The attack pattern, documented in research known as PoisonedRAG, is straightforward in principle: inject a small number of malicious documents into the retrieval index. When the AI system retrieves those documents as context for a user query, the embedded instructions — formatted to look like authoritative content — influence the model's output. In controlled research conditions, injecting just five malicious documents into a corpus of millions caused the targeted AI to return the attacker's desired false answer 90% of the time for specifically crafted queries.

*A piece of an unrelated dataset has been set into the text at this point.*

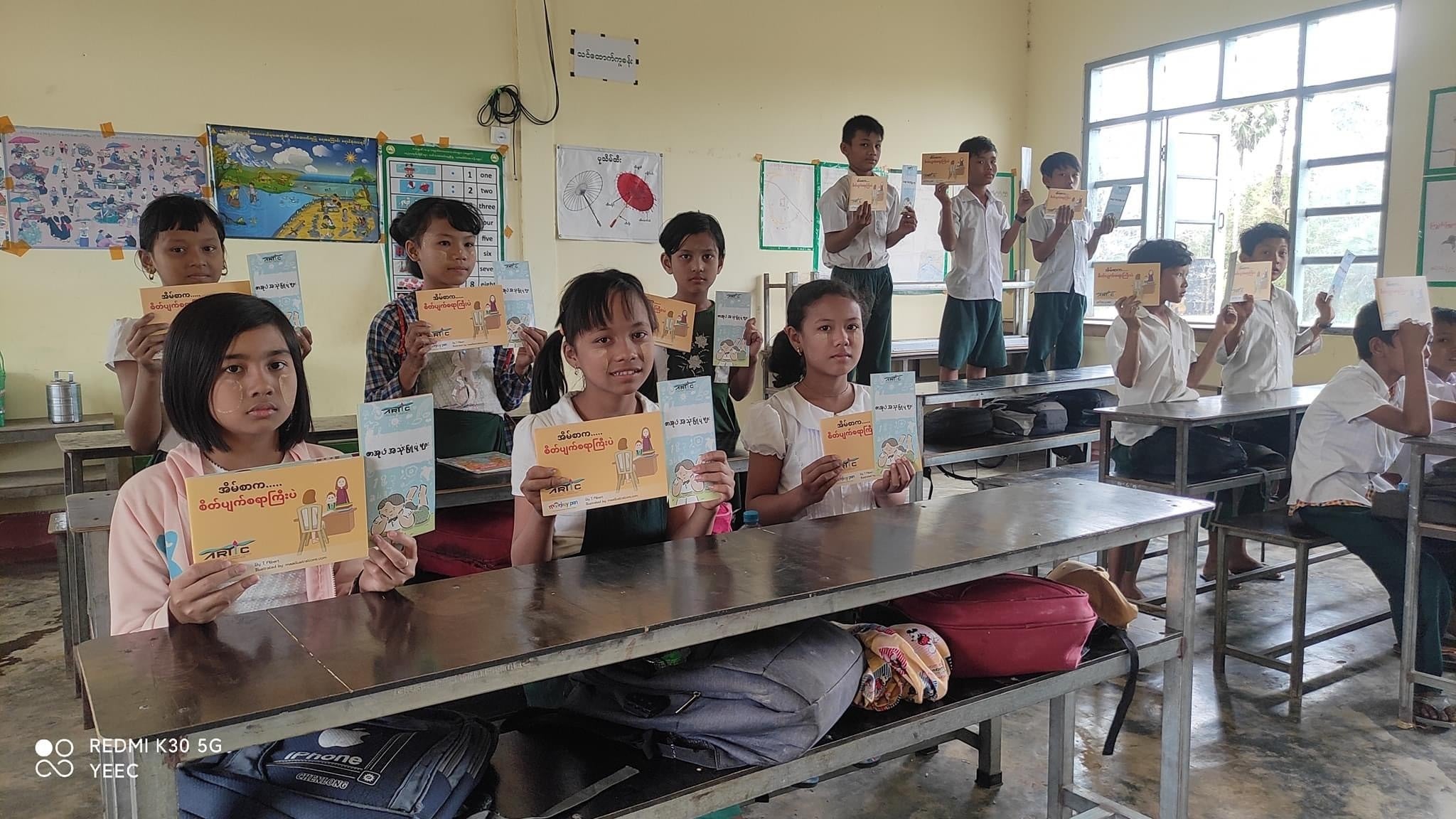 2022/01/09 14:39皆さん、明けましておめでとうございます。昨年は大変お世話になりました。今年もどうぞよろしくお願いいたします。\絵本の見本が届きました/昨年は、皆様の多大なるご寄付により、政情不安で学校に行けない子どもたちのための資金を調達することができました。子どもたちの教育の大切さを理解してくださっている皆様のおかげで、私たちはプロジェクトを実施することができます。改めて心よりお祈り申し上げます。受け取った本の見本はこちらです(*^-^*) 絵本2冊、感想を書くコメントブック1冊、本の管理方法についてのハンドブックを子どもたち一人ひとりにお届けする予定です。残念ながら、ミャンマー国内物価上昇により本の数の変更と、スケジュールに遅れがでていますが、近日中に子どもたちに届けられるように準備しています。前回お伝えしたように、絵本の配布は、学校の委員(村人)と高学年の生徒が担当しており、現在名簿を揃えており、1月後半にまずは10校にお届けする予定です。今回は少し、ミョウハウン校でのプロジェクトの準備の様子をご紹介します。学校委員会と、だれがどの地域を担当するか話し合い、どのように本を届けるかを話し合いました。当初は、子どもたちが読んだ絵本を学校の図書館に寄贈してもらう予定でしたが、政治的な理由で学校訪問をためらう生徒もいるようです。そこで、配布後2カ月が経過した時点で、担当者がいるところに委員会が回収に伺うことにしました。これからのスケジュール①委員が子どもたち(政治的な理由で学校に行けない子も含む)一人ひとりに絵本を配る。その際、パンフレットを使いながら、子どもたちに本の扱い方を指導します。②子どもたちは絵本を読み、コメントブックにコメントを書いたり、絵を描いたりします。③全児童から絵本を回収し、5冊読んで感想や絵を書いた児童からコメント帳を受け取り、コンテストに参加。④委員会が絵本と感想文を各担任に提出。⑤先生方が入賞者を決定します。⑥ARTICは、絵本と引き換えに賞品を提供します。このように行うことで、来年もエーヤワディ地域のさまざまな学校や村で、同じような絵本プロジェクトを実施することができ、一人でも多くの子ども達に絵本の楽しさを広めることができます♪次回は、配布後の様子をお伝えします! もっと見る

The practical implications for enterprise RAG deployments are significant. Most organisations populate their retrieval indices from sources with imperfect provenance controls: internal wikis edited by many contributors, SharePoint libraries with broad write permissions, document management systems where access governance lags document creation. An attacker — internal or external — who can write a single document to any of these sources potentially has a vector to influence AI-assisted decisions made from that knowledge base.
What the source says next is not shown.